All of this suggests that it is reasonable to suspect that at some point in the future the stress on the current system may lead to reforms/changes to some kind of new system. The whole point of this blog is to watch for that kind of change. 

Another interesting aspect of the research I have done on this topic is that there are a variety of ideas on how to reform the current system should that be needed in the future. Below I will do a bullet point list with examples of some of the various ideas I have seen along with links to where you can find more information if you like.


- Dr. Warren Coats (former IMF) - Real SDR Proposal - Dr. Coats proposes that the SDR used at the IMF might be able to serve as a global reserve currency if it were issued by a Currency Board and with what he calls a "hard anchor". He proposes that a basket of goods be used for the anchor. (see the links for more information and this Q&A interview we did earlier this year with Dr. Coats)
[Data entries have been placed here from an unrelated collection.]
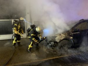 Zum ersten Einsatz im neuen Jahr musste Freiwillige Feuerwehr Weinheim in die Nördliche Hauptstraße ausrücken. Ein Pkw Brand war aus bisher ungeklärter Ursache in Brand geraten. Durch die hohe Hitze und Wärmestrahlung schmolzen bereits die Rollläden des angrenzenden Wohnhauses, so dass die Einsatzkräfte ein Übergreifen des Brandes verhindern mussten. Mit einem Feuerlöscher hatten Passanten bereits erste Löschversuche unternommen, die allerdings durch die schnelle Brandausbreitung nicht mehr zum Erfolg führten. Ein Trupp unter Atemschutz konnte das Feuer und die starke Rauchentwicklung mit einem Rohr unter Kontrolle bringen.
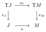 Totéž lze formulovat ještě abstraktněji v pojmech indukovaných zobrazení. Všimněme si, že totální tečný fibrovaný prostor TJ k J je triviální fibrovaný prostor J × R a že existuje kanonický řez ι v tomto prostoru takový, že ι(t) = 1 (nebo přesněji (t, 1) ∈ ι) pro všechny t ∈ J. Křivka α zavádí zobrazení fibrovaných prostorů (bundle map) α∗ : TJ → TM tak, že následující diagram komutuje:
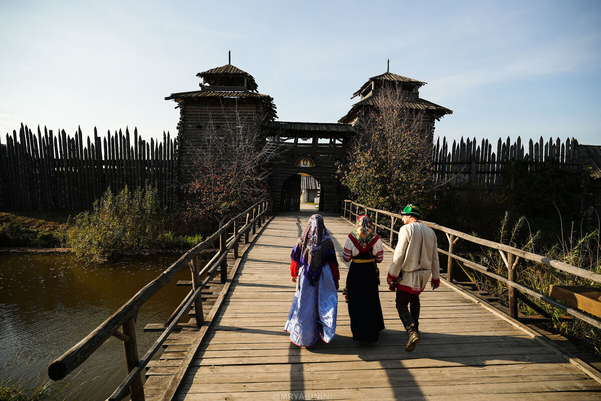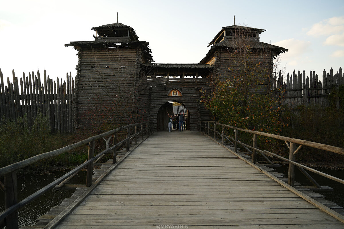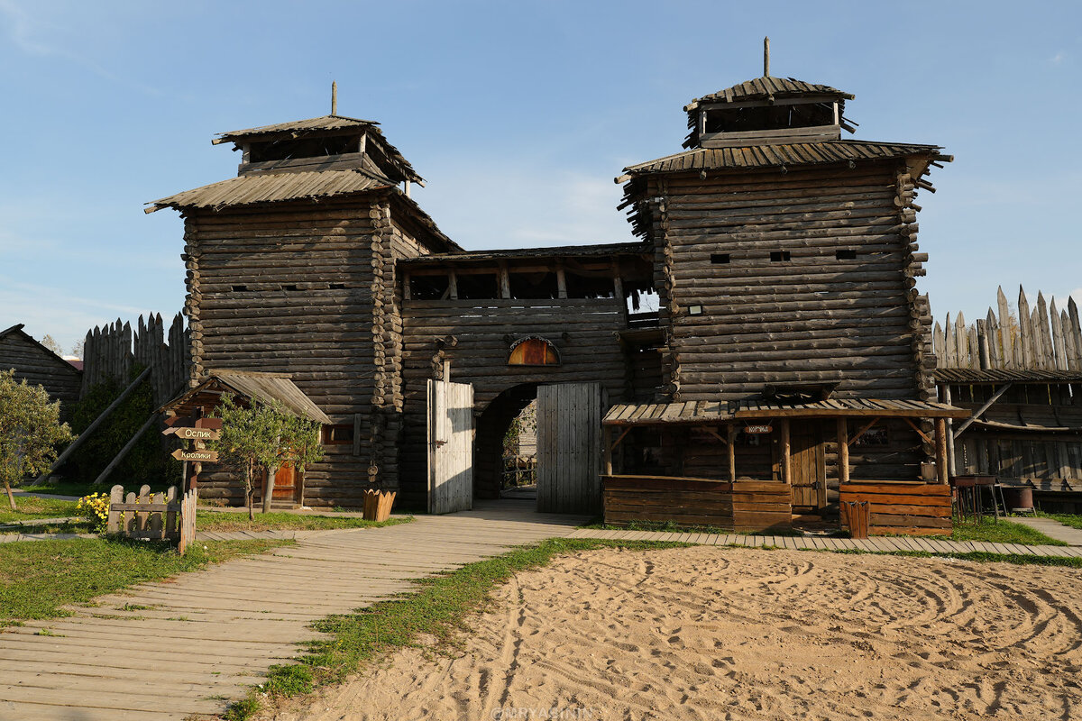 В Щурово Городище попадаешь через массивные ворота с башнями. На одних даже висит табличка с надписью "Корчма", но остальные здания не очень похожи на действующие, за исключением тира, где можно покидать топоры или пострелять из лука.

- Robert Pringle - (former Director at The Group of 30) - Mr. Pringle has written an interesting book (The Money Trap) and has a blog also titled The Money Trap. On his blog he talks about an idea for a new global reserve currency (the IKON) based upon the work of the German economist Wolfram Engels. The IKON would be anchored to the global equities market as I understand this proposal. Mr. Pringle also has a fascinating article (read it here) comparing a variety of ideas that have been proposed for a stable monetary system well worth reading. He looks at the pros and cons of several ideas. (note: Robert Pringle advised me by email that he is more concerned that monetary policy makers realize reforms need to take place than anything else. He says he could easily support Dr. Coats SDR proposal if it would lead to some momentum towards reforms. He is concerned that right now there is not much momentum for change in Washington D.C. or in the EU. He has a new blog article out on this today)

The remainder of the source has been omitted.